• Supplied entries

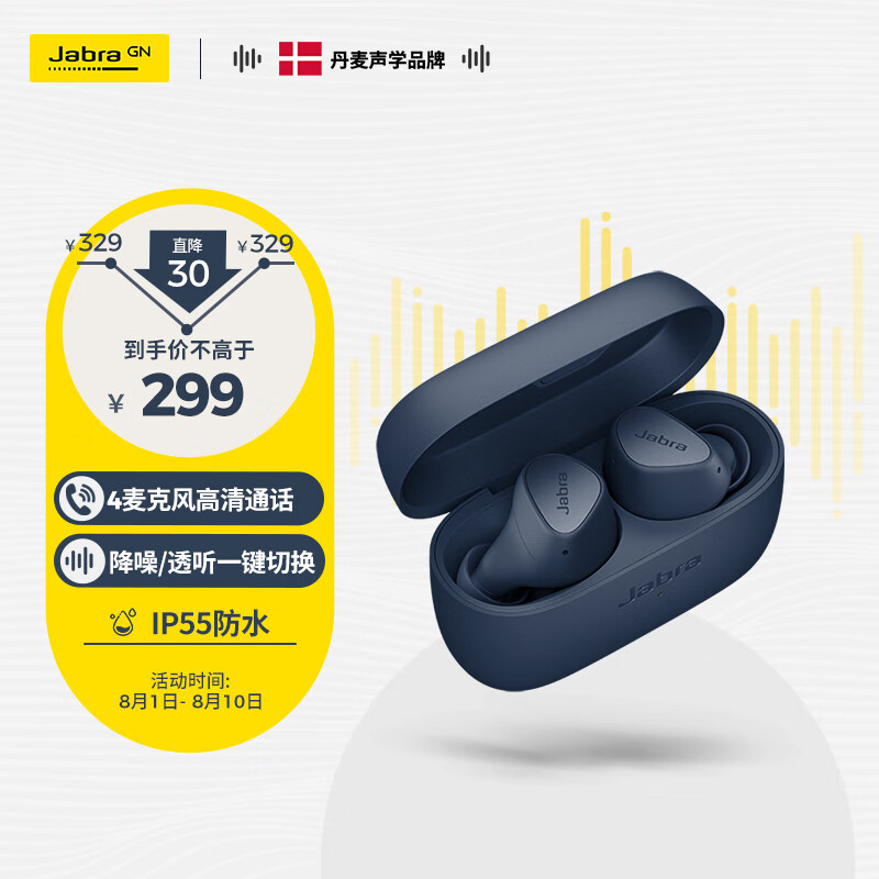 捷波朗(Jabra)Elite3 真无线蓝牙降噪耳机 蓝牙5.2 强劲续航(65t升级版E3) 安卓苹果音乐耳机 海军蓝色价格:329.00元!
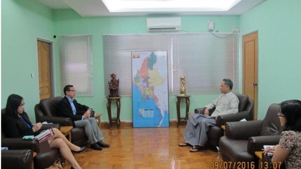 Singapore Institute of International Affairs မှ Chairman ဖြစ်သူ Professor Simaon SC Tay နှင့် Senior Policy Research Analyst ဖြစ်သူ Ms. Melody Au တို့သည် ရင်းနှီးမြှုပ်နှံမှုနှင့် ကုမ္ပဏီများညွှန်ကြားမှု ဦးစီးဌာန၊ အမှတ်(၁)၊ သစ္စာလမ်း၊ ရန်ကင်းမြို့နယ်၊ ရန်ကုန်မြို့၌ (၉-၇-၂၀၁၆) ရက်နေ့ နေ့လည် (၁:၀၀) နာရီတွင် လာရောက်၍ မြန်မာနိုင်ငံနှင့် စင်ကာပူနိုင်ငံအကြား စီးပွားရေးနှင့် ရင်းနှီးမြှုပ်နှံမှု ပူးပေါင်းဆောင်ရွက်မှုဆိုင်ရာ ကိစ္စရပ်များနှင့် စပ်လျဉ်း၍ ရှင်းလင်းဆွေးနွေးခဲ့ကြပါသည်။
==
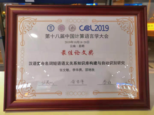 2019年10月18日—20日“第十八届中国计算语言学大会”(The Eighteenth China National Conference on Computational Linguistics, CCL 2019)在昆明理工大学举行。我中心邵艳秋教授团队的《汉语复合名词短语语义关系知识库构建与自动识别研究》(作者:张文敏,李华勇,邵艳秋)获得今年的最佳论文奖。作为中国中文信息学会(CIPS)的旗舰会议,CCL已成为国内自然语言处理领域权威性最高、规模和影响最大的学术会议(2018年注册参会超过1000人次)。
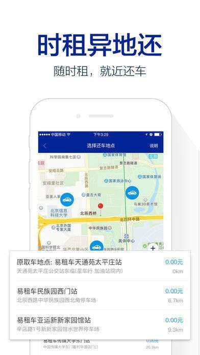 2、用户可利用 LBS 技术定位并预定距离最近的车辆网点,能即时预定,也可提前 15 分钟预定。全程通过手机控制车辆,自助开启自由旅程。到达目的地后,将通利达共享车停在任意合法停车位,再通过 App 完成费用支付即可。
==
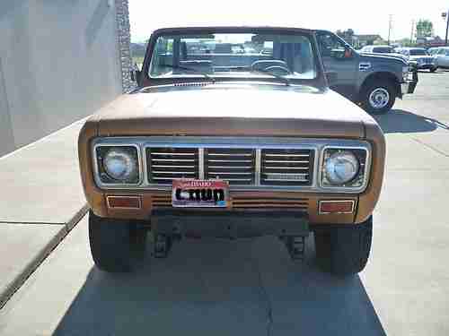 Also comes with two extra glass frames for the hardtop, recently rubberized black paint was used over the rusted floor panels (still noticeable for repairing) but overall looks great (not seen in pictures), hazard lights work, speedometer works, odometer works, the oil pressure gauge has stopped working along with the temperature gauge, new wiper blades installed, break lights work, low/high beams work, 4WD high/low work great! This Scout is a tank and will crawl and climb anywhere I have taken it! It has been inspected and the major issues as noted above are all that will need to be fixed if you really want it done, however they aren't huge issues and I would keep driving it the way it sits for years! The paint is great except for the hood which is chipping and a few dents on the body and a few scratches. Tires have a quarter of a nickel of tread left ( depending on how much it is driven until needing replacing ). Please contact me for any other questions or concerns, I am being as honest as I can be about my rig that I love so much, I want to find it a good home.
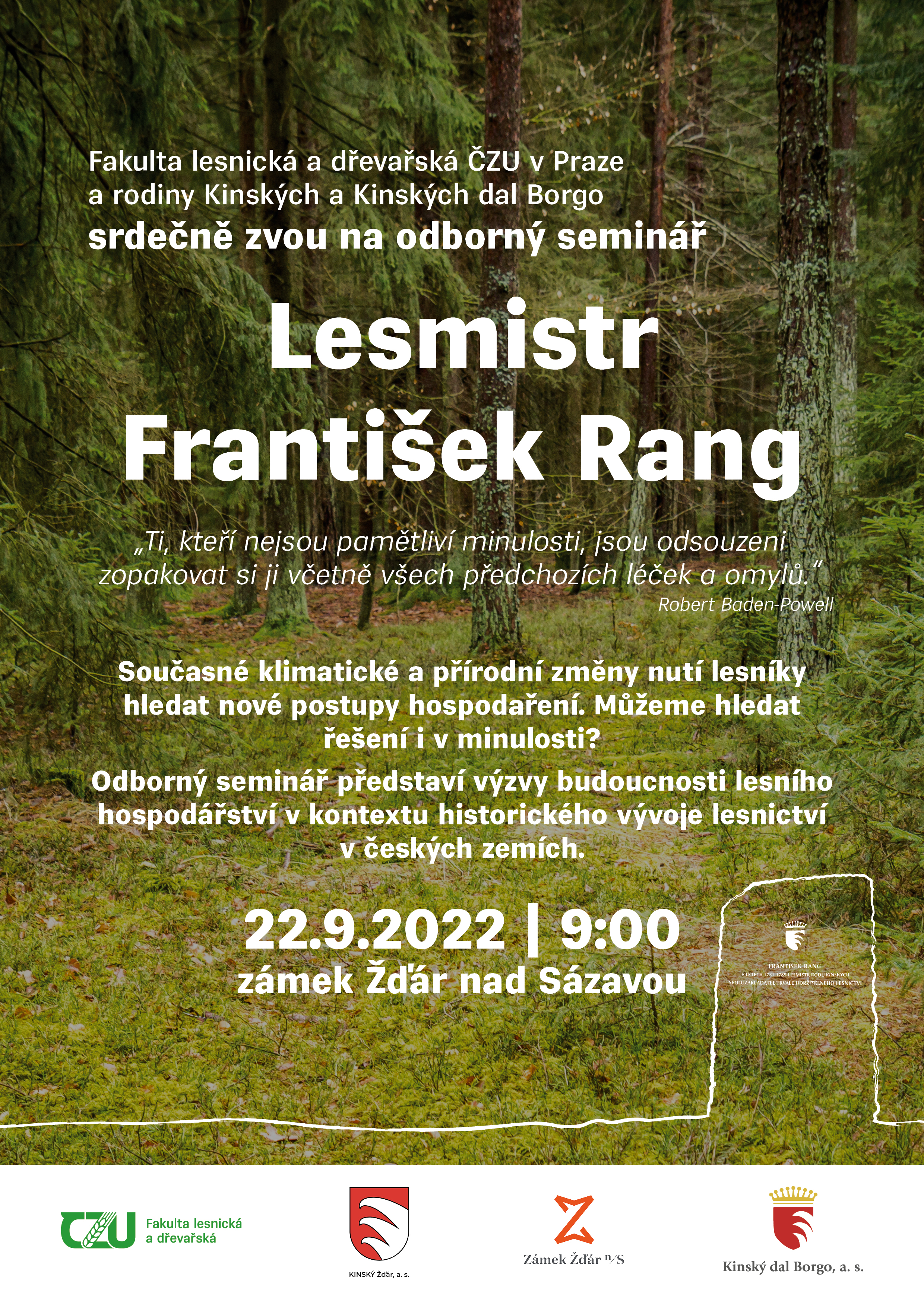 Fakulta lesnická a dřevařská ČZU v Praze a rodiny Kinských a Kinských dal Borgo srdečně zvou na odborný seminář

• Instructions for the task
Using the records above, return word for word the lines that begin at the one containing "捷波朗(Jabra)Elite3 真无线蓝牙降噪耳机 蓝牙5.2" and end at the one containing "Singapore Institute of", both of them included and no pictures.

• Output of the exercise
 捷波朗(Jabra)Elite3 真无线蓝牙降噪耳机 蓝牙5.2 强劲续航(65t升级版E3) 安卓苹果音乐耳机 海军蓝色价格:329.00元!
 Singapore Institute of International Affairs မှ Chairman ဖြစ်သူ Professor Simaon SC Tay နှင့် Senior Policy Research Analyst ဖြစ်သူ Ms. Melody Au တို့သည် ရင်းနှီးမြှုပ်နှံမှုနှင့် ကုမ္ပဏီများညွှန်ကြားမှု ဦးစီးဌာန၊ အမှတ်(၁)၊ သစ္စာလမ်း၊ ရန်ကင်းမြို့နယ်၊ ရန်ကုန်မြို့၌ (၉-၇-၂၀၁၆) ရက်နေ့ နေ့လည် (၁:၀၀) နာရီတွင် လာရောက်၍ မြန်မာနိုင်ငံနှင့် စင်ကာပူနိုင်ငံအကြား စီးပွားရေးနှင့် ရင်းနှီးမြှုပ်နှံမှု ပူးပေါင်းဆောင်ရွက်မှုဆိုင်ရာ ကိစ္စရပ်များနှင့် စပ်လျဉ်း၍ ရှင်းလင်းဆွေးနွေးခဲ့ကြပါသည်။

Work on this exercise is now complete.